Industry officials say similar FTF rights might be pending for approval from other domestic drug makers such as Wockhardt and others facing regulatory hiccups in the US market. Various generic drug applications from these companies are known to be pending with the FDA.
Apart from regulatory hindrances, increasing generic penetration in the US has resulted in delay in product approvals, with the FDA being cautious and strict on quality parameters and compliance.
"Growth of the pharmaceutical industry has been impacted to a great extent by lack of new product approvals, almost non-existent due to changing regulatory requirements," says Glenn Saldanha, chairman of Glenmark Pharmaceuticals.

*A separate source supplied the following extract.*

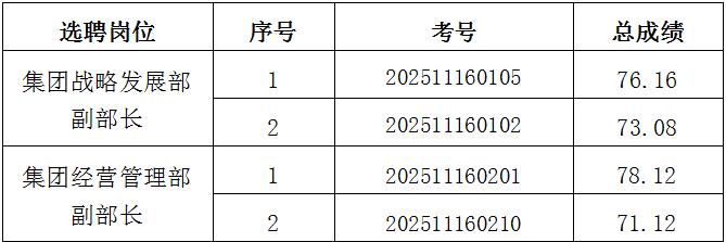 淮海實業(yè)集團機關部門副職招聘筆試、面試工作已結束,根據應聘人員筆試、面試總成績確定考察人選,現將考察人選公告如下:

Ranbaxy, Sun Pharma and Cadila Healthcare had raised the issue of delayed approvals with FDA Commissioner Margaret Hamburg, when she visited India earlier this year.
"Thr net losers are American patients and the Indian pharma industry," says Tapan Ray, former president of the Organisation of Pharmaceutical Producers of India. He said the government should take up this issue at the highest levels of the American government.
India, largest foreign supplier of generic medicines to the US, supplies 30-40 per cent of the world's generic medicines. It is expected to improve its pharma exports from around $15 billion a year to $25 billion by 2016.